National Grid Company of Pakistan
- Type: State-owned enterprise
- Founded: 1998
- Headquarters: Lahore, Punjab, Pakistan
- Website: www.ntdc.gov.pk

= National Grid Company of Pakistan =

Pakistani power transmission company

The National Grid Company of Pakistan (NGC) formerly known as National Transmission & Despatch Company (NTDC) is a public power transmission company in Pakistan managed by the Ministry of Energy.

==History==
In 1998 the National Transmission & Despatch Company was separated from Water & Power Development Authority (WAPDA) and operates fourteen 500 KV and forty-three 220 KV grid stations, 5893 km of 500 KV transmission lines, and 10963 km of 220 KV transmission lines in Pakistan. Its present headquarters are located at WAPDA House, Lahore, Pakistan.

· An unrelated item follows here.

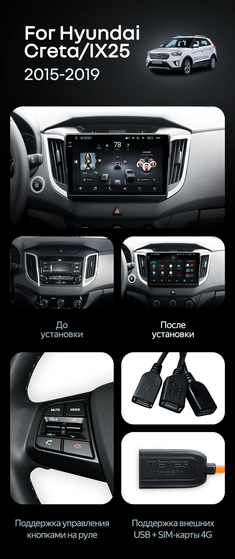 Штатная магнитола Teyes CC4 Pro 8/128 Hyundai Creta 1 (2015-2019) с кнопками - купить всего за 65 470 руб. в интернет-магазине в Перми Teyes.com.ru. ✓ Самый лучший выбор мультимедиа ✓ Лучшая замена штатному ГУ ✓ Тел. +7 (800) 775-31-74
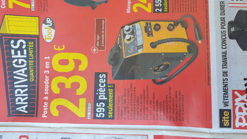Personnellement, je me méfie toujours des produits "combinés" . Ensuite tout dépend ce que l'on veut en faire, et à ce prix, il ne faut pas être trop exigeant sur les performances de ce type d'appareil...par exemple, une bobine de 100 mm cela me semble un peu short, en no gaz, tu soudes que du fil 0.9 , ce qui peut être un peu trop épais pour la tôle des deudeuches...comme les électrodes maxi 2,5, qui ne permettront pas de souder des aciers épais...Encore une fois, tout dépend l'utilisation à venir, et il vaut mieux consulter les avis sur le net, si tu en trouves...

In 1985, National Power Control Center (NPCC) was established in Islamabad to control 500kV and 220kV transmission system under eight Regional Control Centers (RCC). In 2024 the Government of Pakistan announced the splitting of the NPCC from the NTDC, saying it would have its own Board of Directors.

In November 2024, the Federal Cabinet approved the dissolution of the NTDC into three entities; the Independent System Market Operator (ISMO), the National Grid Company (NGC), and the Energy Infrastructure and Development Management Company (EIDMC).